# Ordu/ SRAM Red Issues



## tribalfyre (May 5, 2010)

Hi guys,

I've recently bought a 1st generation (2008 I think) Orbea Ordu, initially running on an Ultegra groupset and Zipp 404 clinchers. I decided to sell the Ultegra and 404s in order to upgrade to SRAM Red with R2C Shifters. The guy from my local bike shop informed me during the course of the upgrade of 2 issues: 

Issue #1: The R2C shifters cannot shift the front derailleur up to the big chainring. According to him, a combination of shallow shifter angle and internal cabling issues from the 1st gen frame were the factors. If I insist on the cable tension making up for the lack of shifter "leverage", he said it could probably damage the cable housing within the frame, resulting in sluggish shifting.

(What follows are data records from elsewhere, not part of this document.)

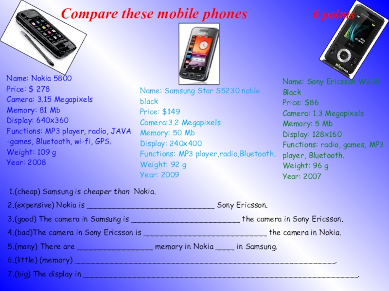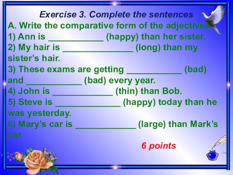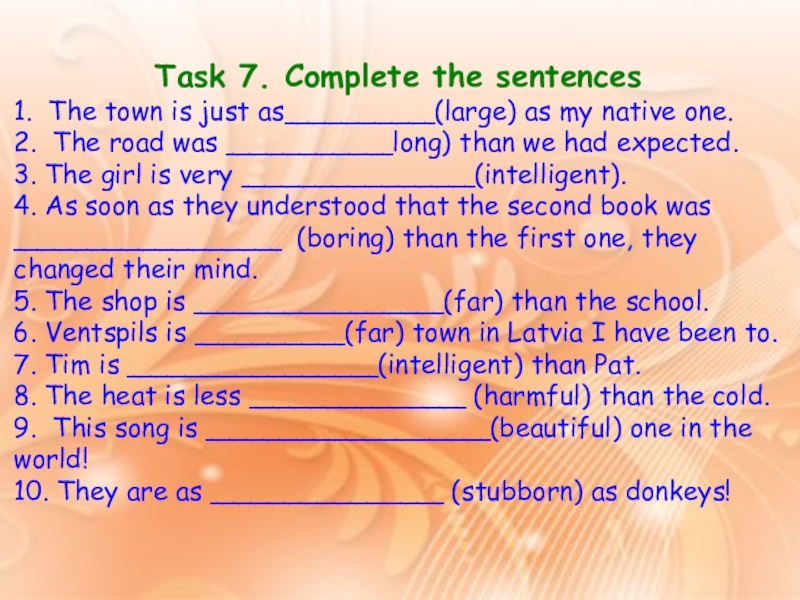 Слайд 7Exercise 2. Fill in the blanks with the correct comparative and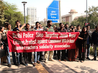 “This atmosphere of suspicion and fear has created panic among the locals as well as the students of Jamia Millia Islamia (JMI) who reside in Jamia Nagar,” says Farah Farooqui, a teacher at JMI. Jamia Teachers Solidarity Association (JTSA) organised a protest at the Delhi Police Headquarters to oppose the criminalisation of this locality by the police and security agencies.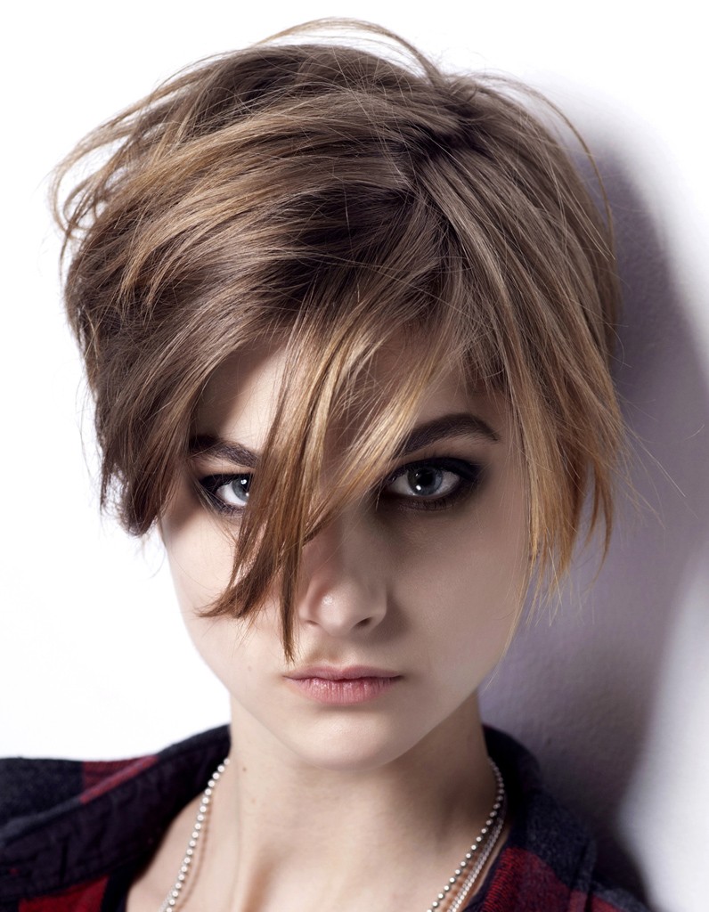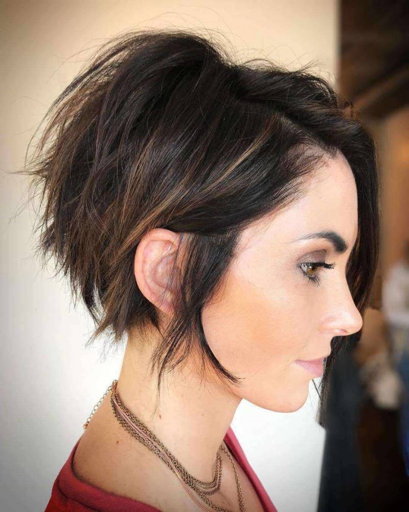 При выборе короткой прически следует делать косую челку или добавлять асимметрию. Она может быть в проборе, челке или по всей длине.
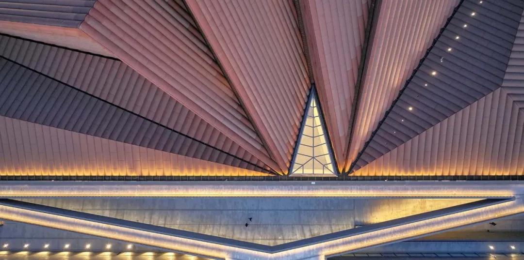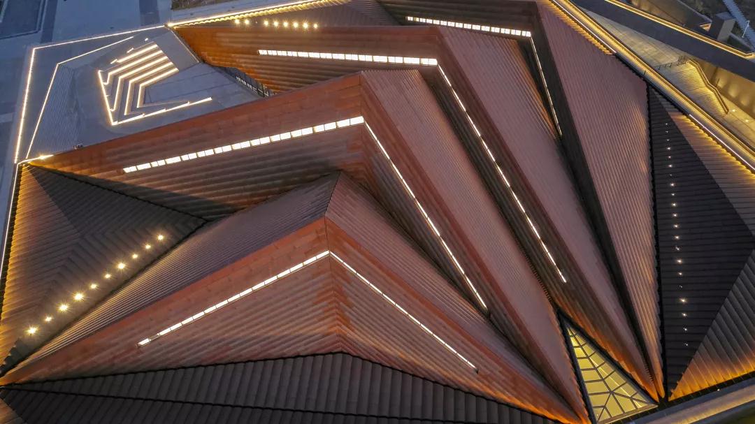 四個(gè)相互連接的屋頂金字塔高度增加,向文化廣場(chǎng)的四個(gè)角落扇形延伸。自然光通過(guò)位于每個(gè)金字塔頂端的屋頂燈進(jìn)入室內。屋頂的設計直接回應了建筑的大結構跨度,并希望創(chuàng )建一個(gè)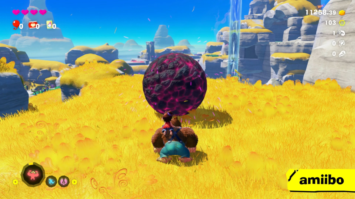 除此之外,玩家如果有買之前的 amiibo,也能在遊戲內讀取使用,如此一來可以取得各種不同材質的球體拿來投擲使用。玩家可以善用這點,來享受遊戲更多的冒險樂趣。

Solution proposed: Change shifters to 900 TT. These are not what I would have preferred but they do have a bigger shifting angle;

Issue #2: The SRAM red front derailleur cannot shift properly. According to the guy, since the SRAM derailleur sits closer to the frame than other brands, and given the Ordu's frame design, the derailleur gets snagged on the shift cable every time it shifts.

Solution proposed: Change the SRAM derailluer to Dura-Ace. Again, not what I would have preferred, but it is working.

Tha bike shop guy's bottom line is that it's not an issue with SRAM Red, but more with the frame being first gen, and that the newer Ordu's do not have this issue. I would tend to believe him, but would also like to hear from you guys.

Any thoughts?


----------



## WhyRun (Dec 29, 2008)

DA front derailleur is pretty solid, I wouldn't use a Red FD anyway. Ti cage isn't as durable, and thats the only difference betwen Force and Red. Two, lots of bike companies have silly problems. Cervelo made its S3 rear triangle such that you couldn't fit on a whole host of factory-built wheels. These things happen, unfortunately.

You could always get a second opinion, (I would) or email Orbea yourself, they will respond. Hopefully you get the problem resolved such that you're happy. They sold that bike with a Red Group in 2008, I believe... specs below were 2009, so I removed them.


----------